(Materials provided begins)
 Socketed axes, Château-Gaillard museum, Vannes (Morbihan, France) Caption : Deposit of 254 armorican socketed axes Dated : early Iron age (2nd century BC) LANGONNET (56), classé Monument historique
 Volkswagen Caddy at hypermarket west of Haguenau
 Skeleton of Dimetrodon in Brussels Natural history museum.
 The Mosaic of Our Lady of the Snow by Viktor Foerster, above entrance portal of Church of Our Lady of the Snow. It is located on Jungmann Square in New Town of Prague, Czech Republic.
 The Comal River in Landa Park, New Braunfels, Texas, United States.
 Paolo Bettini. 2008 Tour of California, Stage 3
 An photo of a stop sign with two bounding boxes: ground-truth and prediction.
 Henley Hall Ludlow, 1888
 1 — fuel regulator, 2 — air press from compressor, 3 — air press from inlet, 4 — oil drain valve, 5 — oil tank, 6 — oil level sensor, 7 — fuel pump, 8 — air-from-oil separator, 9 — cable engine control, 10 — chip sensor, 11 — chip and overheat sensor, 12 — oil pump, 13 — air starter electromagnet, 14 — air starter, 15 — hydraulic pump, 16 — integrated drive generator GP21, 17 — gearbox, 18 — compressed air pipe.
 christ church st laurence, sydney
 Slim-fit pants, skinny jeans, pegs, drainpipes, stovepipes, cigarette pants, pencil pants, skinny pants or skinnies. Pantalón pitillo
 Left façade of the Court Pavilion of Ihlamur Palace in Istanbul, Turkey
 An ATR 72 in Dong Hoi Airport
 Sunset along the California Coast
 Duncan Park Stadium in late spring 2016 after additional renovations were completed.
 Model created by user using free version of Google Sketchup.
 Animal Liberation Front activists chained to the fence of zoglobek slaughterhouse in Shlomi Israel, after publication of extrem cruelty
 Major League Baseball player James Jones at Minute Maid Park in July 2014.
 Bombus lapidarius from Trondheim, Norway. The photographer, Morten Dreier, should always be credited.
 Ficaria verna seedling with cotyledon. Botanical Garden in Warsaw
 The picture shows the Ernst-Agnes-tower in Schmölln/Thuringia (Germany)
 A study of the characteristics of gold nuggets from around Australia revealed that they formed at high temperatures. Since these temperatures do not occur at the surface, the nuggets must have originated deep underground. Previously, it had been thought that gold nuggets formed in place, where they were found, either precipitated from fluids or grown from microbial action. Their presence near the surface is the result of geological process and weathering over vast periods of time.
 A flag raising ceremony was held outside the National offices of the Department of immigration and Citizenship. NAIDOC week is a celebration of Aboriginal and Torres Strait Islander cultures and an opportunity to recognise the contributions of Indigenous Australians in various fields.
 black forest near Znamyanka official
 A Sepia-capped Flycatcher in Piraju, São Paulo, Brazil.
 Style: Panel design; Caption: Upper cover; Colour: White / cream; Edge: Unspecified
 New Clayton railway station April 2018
(Materials provided ends)
The answer must consist of each line from the data that includes the string "Caption".

 Socketed axes, Château-Gaillard museum, Vannes (Morbihan, France) Caption : Deposit of 254 armorican socketed axes Dated : early Iron age (2nd century BC) LANGONNET (56), classé Monument historique
 Style: Panel design; Caption: Upper cover; Colour: White / cream; Edge: Unspecified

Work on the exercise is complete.